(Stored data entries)
- - - -
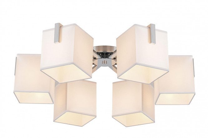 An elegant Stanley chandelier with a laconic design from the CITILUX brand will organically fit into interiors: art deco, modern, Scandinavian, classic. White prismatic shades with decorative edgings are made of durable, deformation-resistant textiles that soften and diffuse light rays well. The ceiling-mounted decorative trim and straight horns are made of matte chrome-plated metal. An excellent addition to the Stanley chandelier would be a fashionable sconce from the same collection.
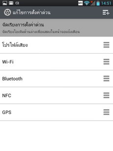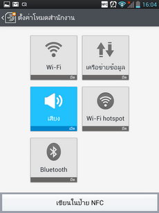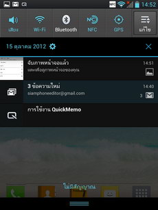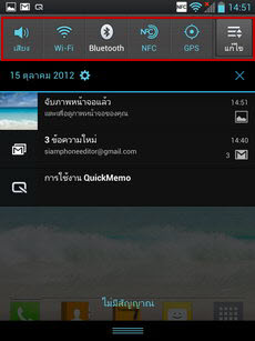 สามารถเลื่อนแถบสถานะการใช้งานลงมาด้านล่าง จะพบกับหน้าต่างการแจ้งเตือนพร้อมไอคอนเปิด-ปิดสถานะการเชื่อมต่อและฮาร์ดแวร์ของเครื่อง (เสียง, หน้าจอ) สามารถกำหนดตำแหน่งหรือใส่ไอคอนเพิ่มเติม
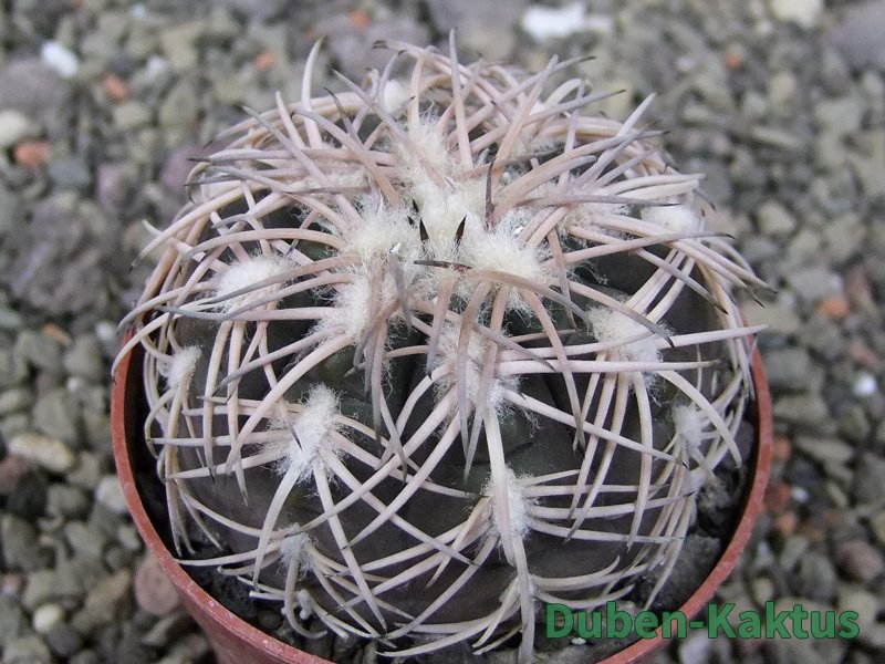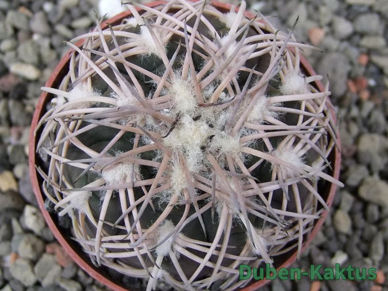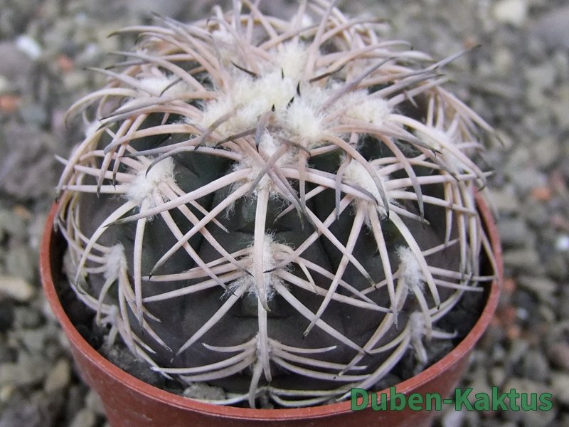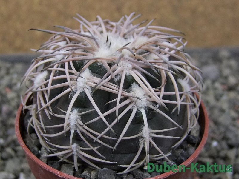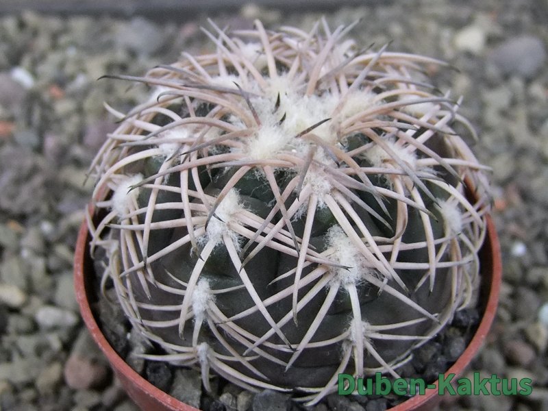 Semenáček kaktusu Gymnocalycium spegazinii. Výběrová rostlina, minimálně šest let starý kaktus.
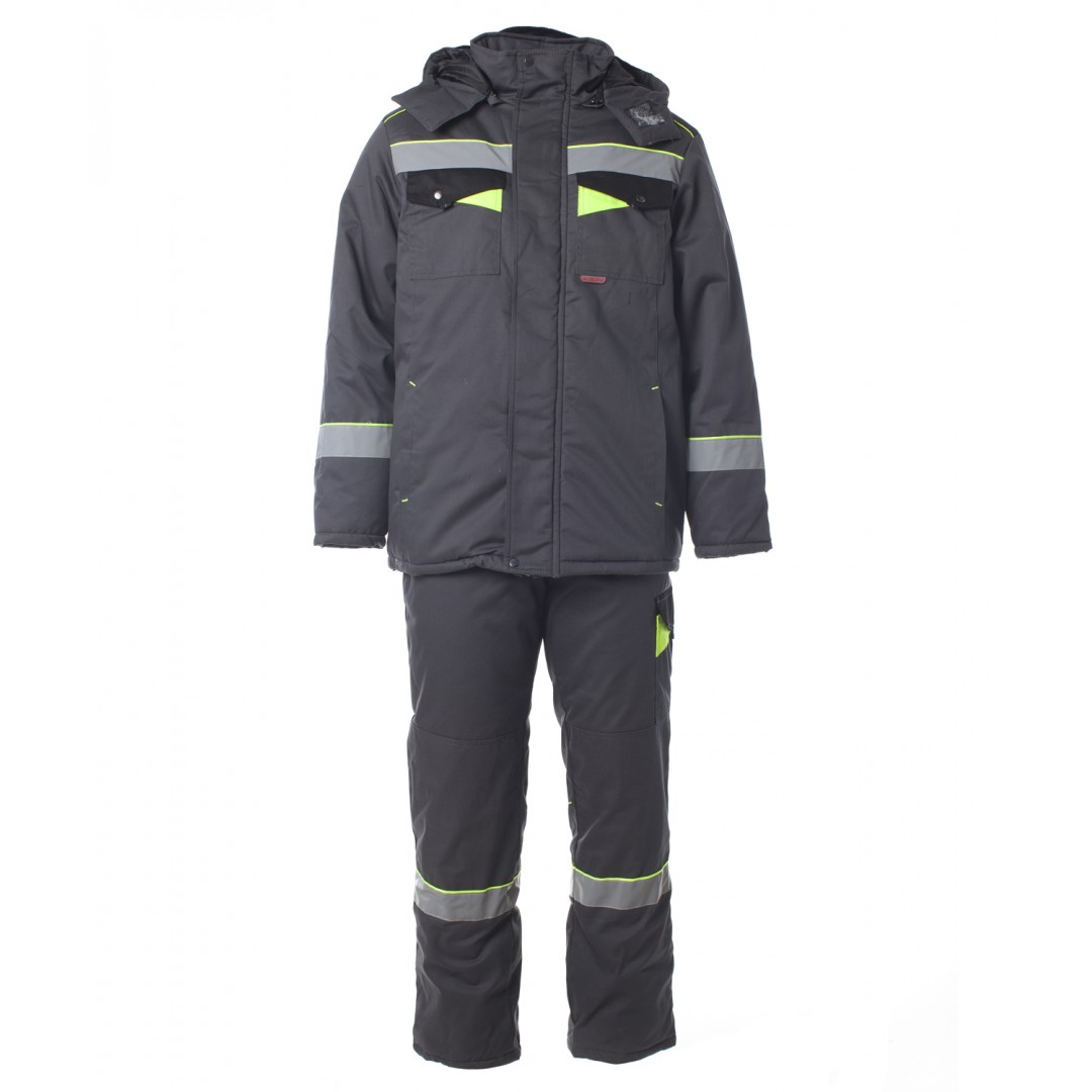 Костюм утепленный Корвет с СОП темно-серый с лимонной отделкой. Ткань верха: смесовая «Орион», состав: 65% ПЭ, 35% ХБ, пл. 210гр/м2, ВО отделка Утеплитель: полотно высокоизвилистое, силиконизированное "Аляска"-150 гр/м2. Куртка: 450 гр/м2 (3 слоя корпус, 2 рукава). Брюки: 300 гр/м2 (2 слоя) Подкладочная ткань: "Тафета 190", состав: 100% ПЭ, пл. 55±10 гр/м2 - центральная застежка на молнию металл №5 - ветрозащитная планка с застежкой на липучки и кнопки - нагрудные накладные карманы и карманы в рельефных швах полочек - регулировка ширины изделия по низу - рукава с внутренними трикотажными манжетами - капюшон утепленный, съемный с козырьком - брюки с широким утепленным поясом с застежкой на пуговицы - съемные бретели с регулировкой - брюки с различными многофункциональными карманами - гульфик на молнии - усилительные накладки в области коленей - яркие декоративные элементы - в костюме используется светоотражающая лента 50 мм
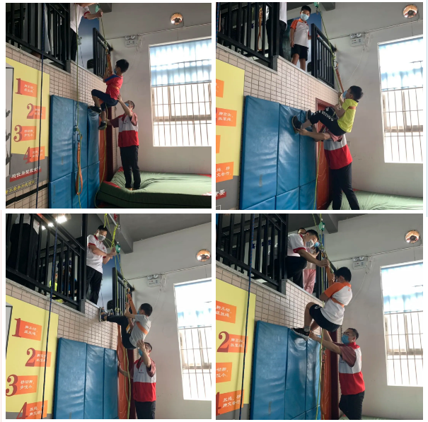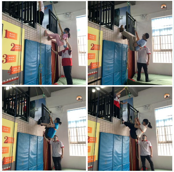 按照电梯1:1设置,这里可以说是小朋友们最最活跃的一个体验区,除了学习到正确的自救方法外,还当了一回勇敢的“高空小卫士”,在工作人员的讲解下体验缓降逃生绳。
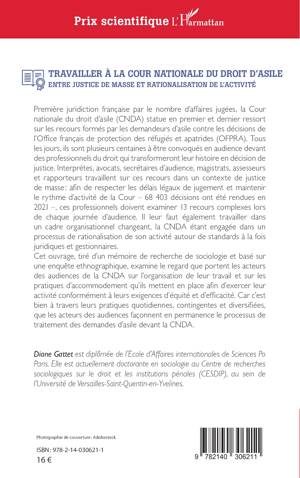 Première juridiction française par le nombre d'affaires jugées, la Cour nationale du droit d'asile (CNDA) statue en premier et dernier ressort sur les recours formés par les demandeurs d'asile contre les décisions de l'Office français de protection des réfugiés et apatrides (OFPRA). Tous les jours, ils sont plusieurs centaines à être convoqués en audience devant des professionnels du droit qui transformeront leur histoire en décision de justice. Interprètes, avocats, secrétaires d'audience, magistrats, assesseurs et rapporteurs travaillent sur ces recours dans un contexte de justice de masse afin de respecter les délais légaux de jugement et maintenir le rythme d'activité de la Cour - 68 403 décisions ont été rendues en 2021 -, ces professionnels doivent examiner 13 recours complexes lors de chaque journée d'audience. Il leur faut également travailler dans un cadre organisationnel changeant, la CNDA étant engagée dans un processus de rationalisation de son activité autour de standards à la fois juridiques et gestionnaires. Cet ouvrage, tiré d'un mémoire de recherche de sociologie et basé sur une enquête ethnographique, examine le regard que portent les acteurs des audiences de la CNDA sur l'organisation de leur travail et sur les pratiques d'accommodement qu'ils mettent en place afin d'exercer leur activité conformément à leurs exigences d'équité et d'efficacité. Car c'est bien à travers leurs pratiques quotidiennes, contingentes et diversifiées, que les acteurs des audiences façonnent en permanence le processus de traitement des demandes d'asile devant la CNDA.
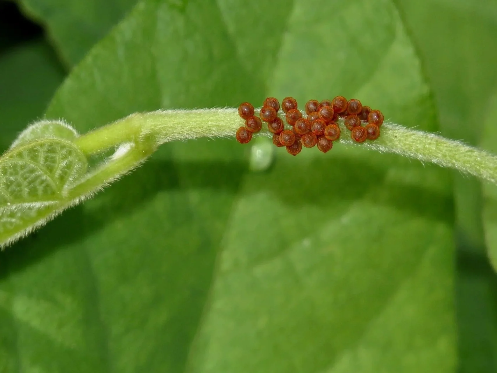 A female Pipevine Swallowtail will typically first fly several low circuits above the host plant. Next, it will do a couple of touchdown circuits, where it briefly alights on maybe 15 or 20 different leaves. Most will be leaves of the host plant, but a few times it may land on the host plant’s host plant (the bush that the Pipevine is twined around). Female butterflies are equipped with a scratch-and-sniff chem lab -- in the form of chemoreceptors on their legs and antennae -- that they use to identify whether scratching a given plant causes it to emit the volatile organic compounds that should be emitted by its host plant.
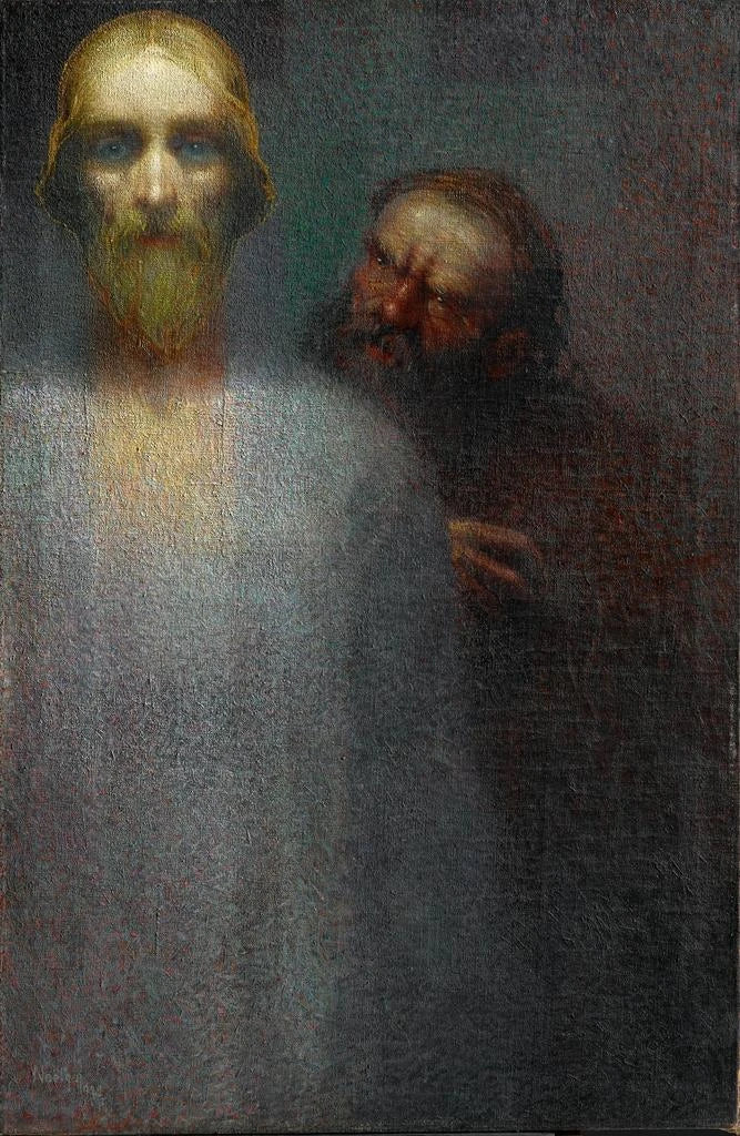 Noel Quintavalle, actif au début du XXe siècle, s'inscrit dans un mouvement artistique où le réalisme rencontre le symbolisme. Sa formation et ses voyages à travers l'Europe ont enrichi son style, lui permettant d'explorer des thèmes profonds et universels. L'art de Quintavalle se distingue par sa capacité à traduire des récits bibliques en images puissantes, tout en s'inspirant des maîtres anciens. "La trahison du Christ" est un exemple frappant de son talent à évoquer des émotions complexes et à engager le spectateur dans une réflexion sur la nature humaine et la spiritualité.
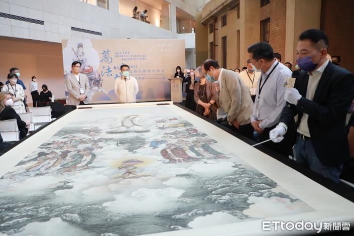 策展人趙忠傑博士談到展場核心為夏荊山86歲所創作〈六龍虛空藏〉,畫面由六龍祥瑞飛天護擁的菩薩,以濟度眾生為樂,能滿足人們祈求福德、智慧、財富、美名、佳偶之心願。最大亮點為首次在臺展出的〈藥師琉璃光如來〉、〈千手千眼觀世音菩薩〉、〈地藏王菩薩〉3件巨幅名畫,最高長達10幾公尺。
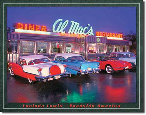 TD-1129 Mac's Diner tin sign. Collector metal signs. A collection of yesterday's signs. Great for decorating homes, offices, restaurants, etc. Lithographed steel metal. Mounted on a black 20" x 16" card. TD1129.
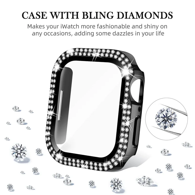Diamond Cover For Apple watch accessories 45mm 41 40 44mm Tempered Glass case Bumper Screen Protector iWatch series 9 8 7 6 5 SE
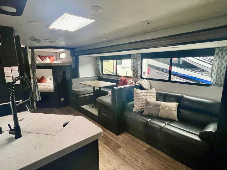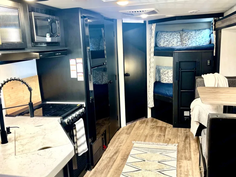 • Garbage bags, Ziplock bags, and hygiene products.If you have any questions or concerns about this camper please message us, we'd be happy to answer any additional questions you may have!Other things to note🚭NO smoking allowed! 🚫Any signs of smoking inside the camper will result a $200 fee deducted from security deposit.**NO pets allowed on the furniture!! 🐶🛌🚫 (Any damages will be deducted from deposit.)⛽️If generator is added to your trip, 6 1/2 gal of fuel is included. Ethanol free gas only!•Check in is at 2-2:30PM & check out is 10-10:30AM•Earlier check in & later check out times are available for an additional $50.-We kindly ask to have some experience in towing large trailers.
- - - -
== REQUIREMENT ==
Would you restate, exactly and with no pictures, the lines of the entries above from the one containing "Костюм утепленный Корвет" through the one containing "按照电梯1:1设置,这里可以"?

== RESULT BELOW ==
 Костюм утепленный Корвет с СОП темно-серый с лимонной отделкой. Ткань верха: смесовая «Орион», состав: 65% ПЭ, 35% ХБ, пл. 210гр/м2, ВО отделка Утеплитель: полотно высокоизвилистое, силиконизированное "Аляска"-150 гр/м2. Куртка: 450 гр/м2 (3 слоя корпус, 2 рукава). Брюки: 300 гр/м2 (2 слоя) Подкладочная ткань: "Тафета 190", состав: 100% ПЭ, пл. 55±10 гр/м2 - центральная застежка на молнию металл №5 - ветрозащитная планка с застежкой на липучки и кнопки - нагрудные накладные карманы и карманы в рельефных швах полочек - регулировка ширины изделия по низу - рукава с внутренними трикотажными манжетами - капюшон утепленный, съемный с козырьком - брюки с широким утепленным поясом с застежкой на пуговицы - съемные бретели с регулировкой - брюки с различными многофункциональными карманами - гульфик на молнии - усилительные накладки в области коленей - яркие декоративные элементы - в костюме используется светоотражающая лента 50 мм
 按照电梯1:1设置,这里可以说是小朋友们最最活跃的一个体验区,除了学习到正确的自救方法外,还当了一回勇敢的“高空小卫士”,在工作人员的讲解下体验缓降逃生绳。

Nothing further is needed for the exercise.